§ **EXERCISE DIRECTIONS**:
Your job is to set down the stretch of entries that opens with the line containing "八方电气第六届技术交流会活动现场" and closes with the line containing "11月18日，基于前一日深入". Keep both end lines, copy each exactly, and add nothing.

§ **INPUT MATERIAL**:
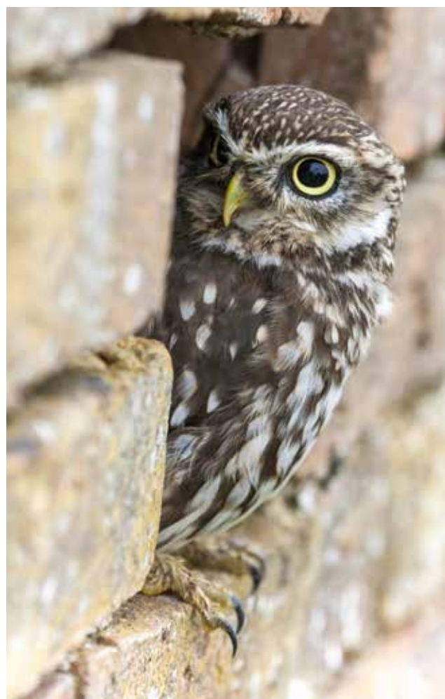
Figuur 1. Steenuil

...

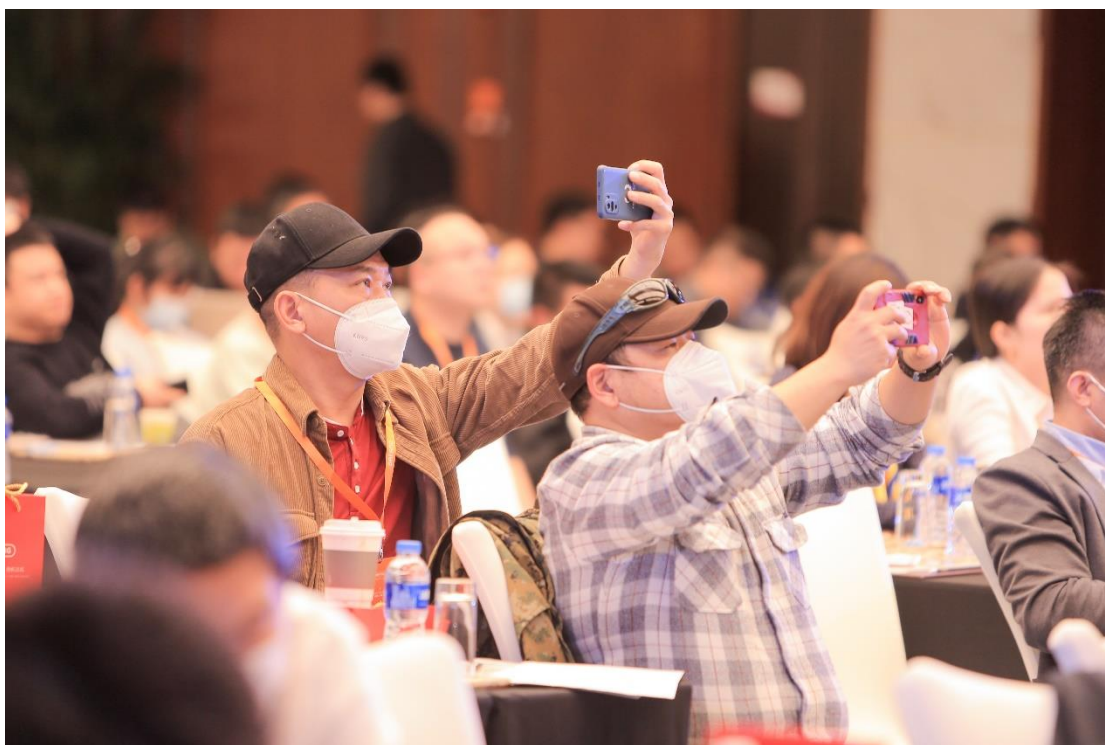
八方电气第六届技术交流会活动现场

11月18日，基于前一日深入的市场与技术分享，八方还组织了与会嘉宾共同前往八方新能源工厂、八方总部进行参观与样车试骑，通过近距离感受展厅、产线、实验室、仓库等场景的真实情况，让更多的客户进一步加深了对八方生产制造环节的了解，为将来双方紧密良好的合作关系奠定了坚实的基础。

§ **ANSWER TO THIS TASK**:
八方电气第六届技术交流会活动现场

11月18日，基于前一日深入的市场与技术分享，八方还组织了与会嘉宾共同前往八方新能源工厂、八方总部进行参观与样车试骑，通过近距离感受展厅、产线、实验室、仓库等场景的真实情况，让更多的客户进一步加深了对八方生产制造环节的了解，为将来双方紧密良好的合作关系奠定了坚实的基础。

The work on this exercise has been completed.